金沢の老舗和菓子店「光月庵」で年に一度開かれる大旦那・高月宗寿郎(佐野史郎)の茶会『夕ざりの茶事』の日がやってきた。

花岡七桜(浜辺美波)は、母親の大倉百合子(中村ゆり)が犯人とされた15年前の先代当主・高月樹(鈴木伸之)殺害事件の真相を探るため、この茶会の後にだけ錠が解かれるという樹の部屋に入る機会を狙っていた。七桜は店の古株の菓子職人・山口耕一(和田聰宏)から、夕ざりの茶事の後で宗寿郎がただ一人、この部屋で一服の茶を飲み、亡き樹を偲ぶと知らされたのだ。
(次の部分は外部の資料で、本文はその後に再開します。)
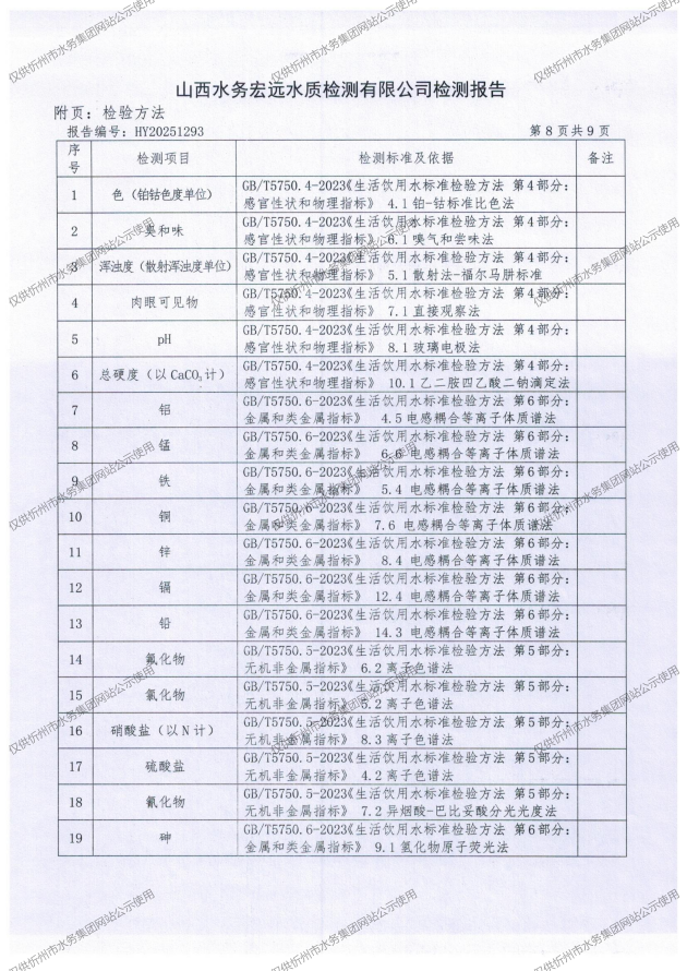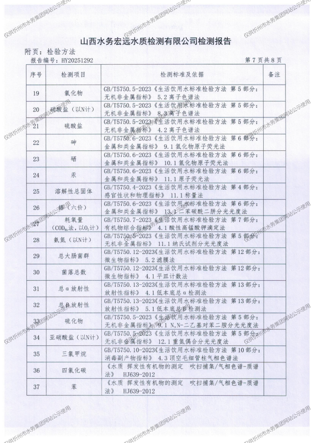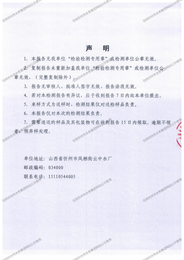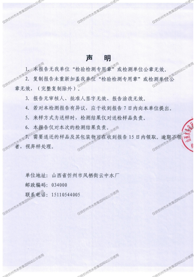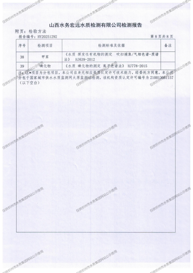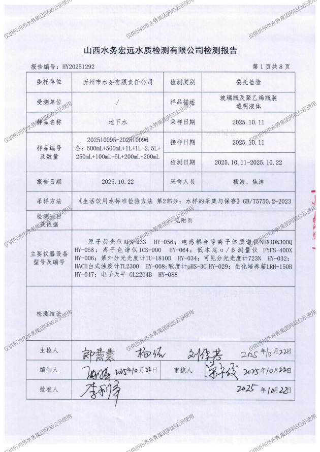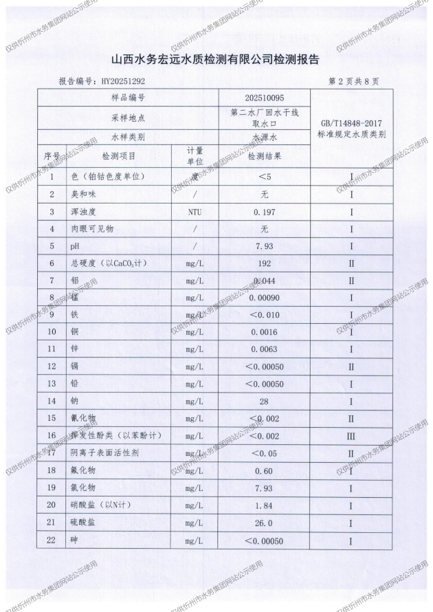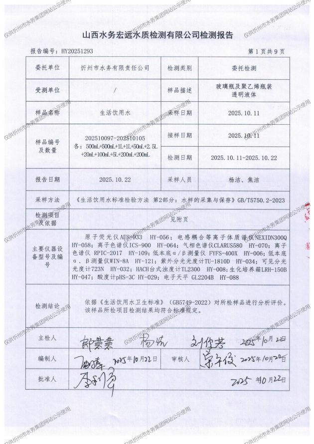忻州城区公共供水水源水、出厂水、管网水、管网末梢水2025年10月份水质信息公示
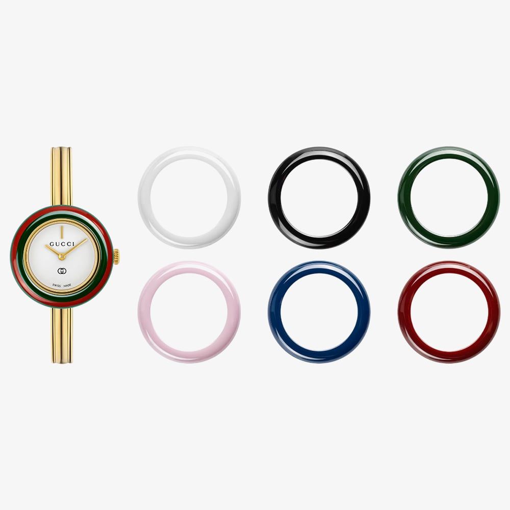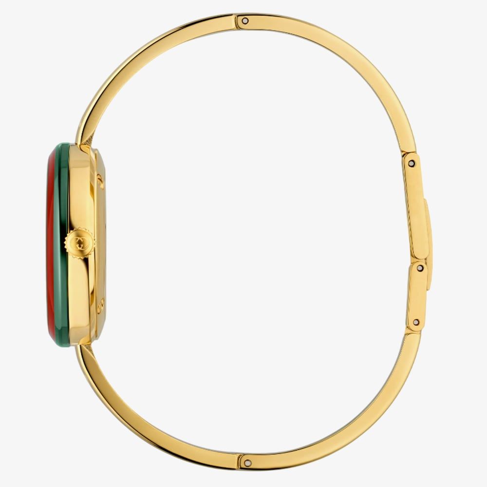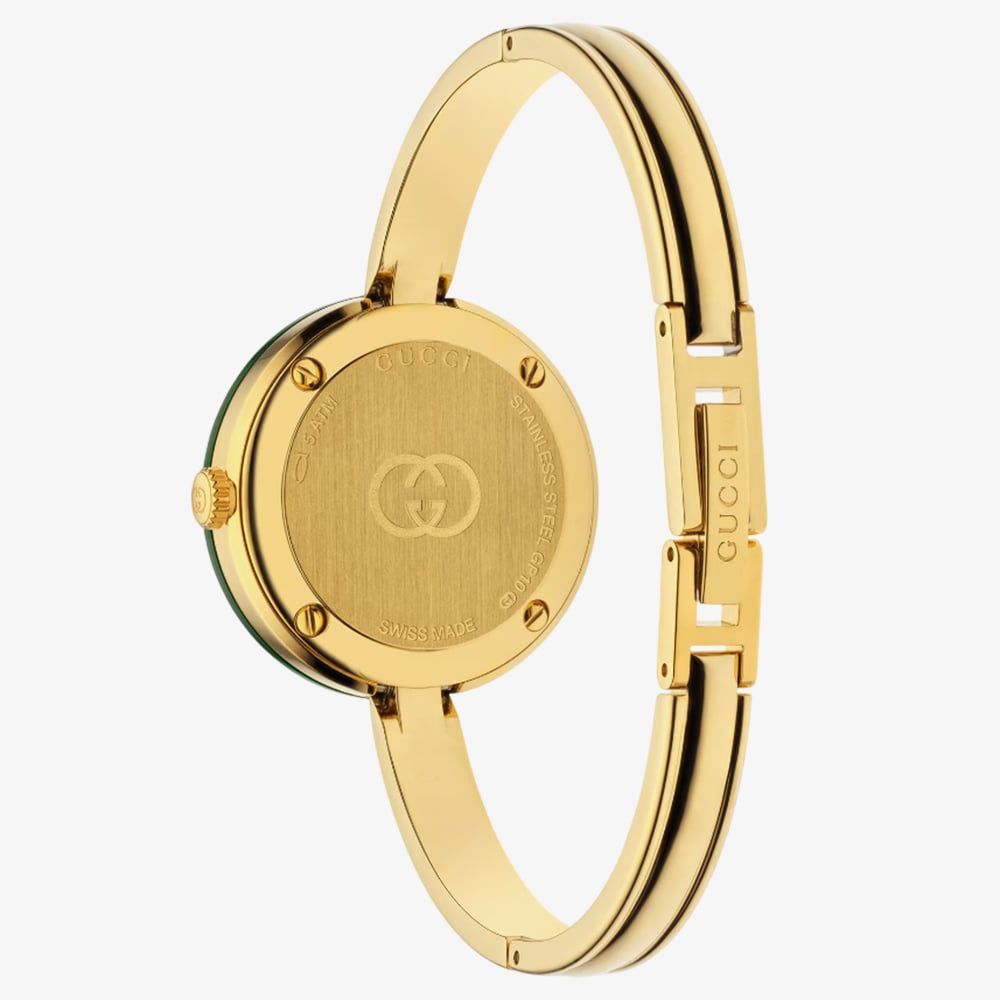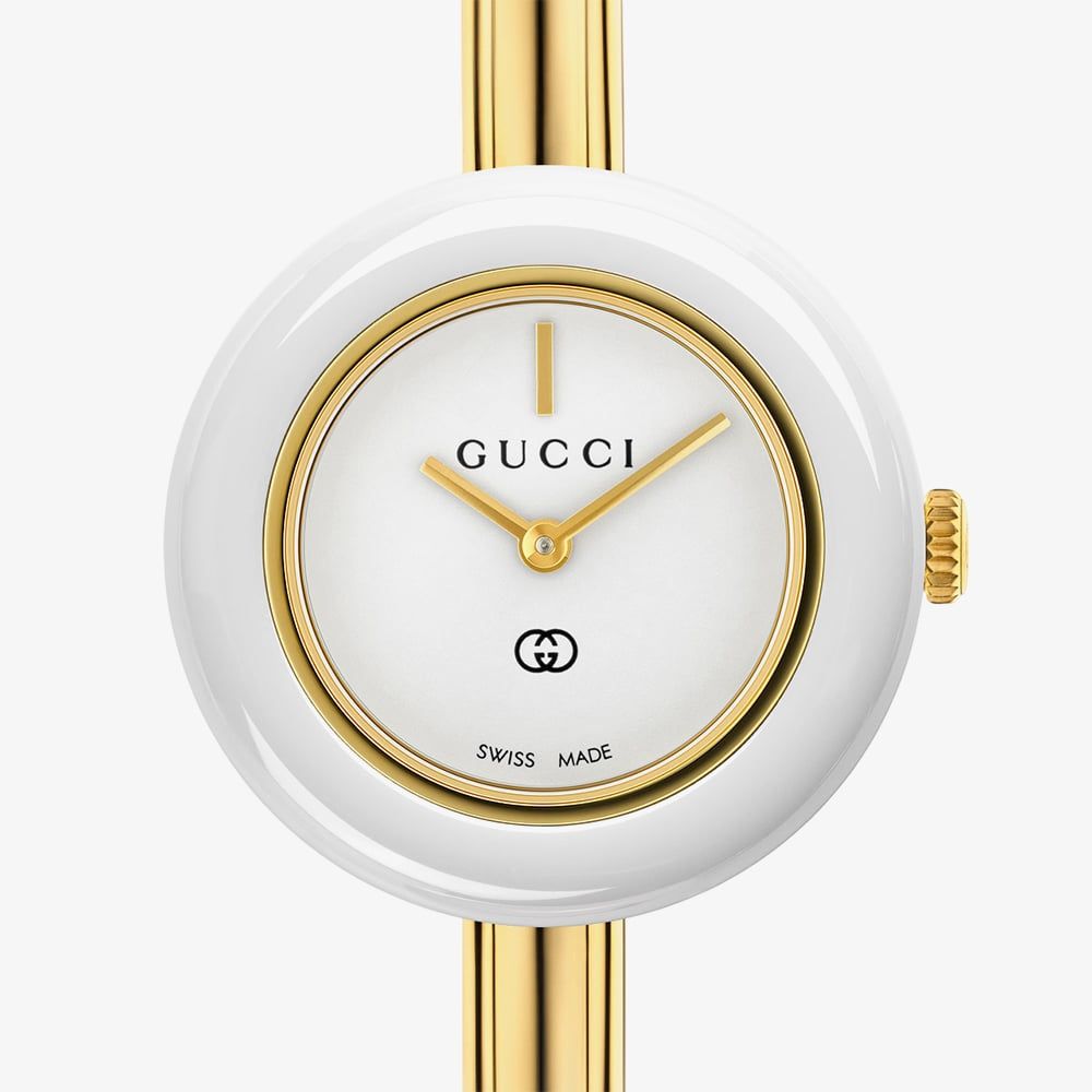 Crafted with Gucci’s playful modernity and refined Swiss precision, the Gucci Play YA151543 brings a graceful lightness to everyday style. Its 28mm yellow gold toned stainless steel case feels smooth and warm against the wrist, paired with a matching bangle that fits a 15cm wrist size to give the piece a jewellery like character. A set of seven interchangeable ceramic bezels invites personal expression, each one clicking neatly into place with a satisfying tactility that speaks to the brand’s considered craftsmanship.

椿は、今日子が多喜川薫の父親と不倫して生まれた子だった

 

茶室で大地主・多喜川薫(山崎育三郎)や名旅館「長谷屋」の長谷栞(岸井ゆきの)など大事な来賓をもてなす膳が振る舞われた後、光月庵の跡取り息子・椿(横浜流星)が作り上げた美しい『夕顔』の御菓子が供される初座が始まった。

 

そのころ、椿の母親で女将・高月今日子(観月ありさ)は宗寿郎の部屋で、宗寿郎が書いた遺言書を探していた。遺言状には「すべての財産を孫・椿に相続させる。ただし、光月家の血を引く孫が現れた場合、その孫がすべての財産を相続する」と書かれており、今日子が多喜川薫の父親と不倫して生まれた椿に不利なため、始末しようとしていたのだ。

そこに初座を終えた宗寿郎が戻ってきて鉢合わせに。「お前は蛇だ!」「どうして裏切った?」と怒鳴る宗寿郎に、今日子は「あなたはどうして、私から何もかも奪おうとするのですか?」とつかみかかる。 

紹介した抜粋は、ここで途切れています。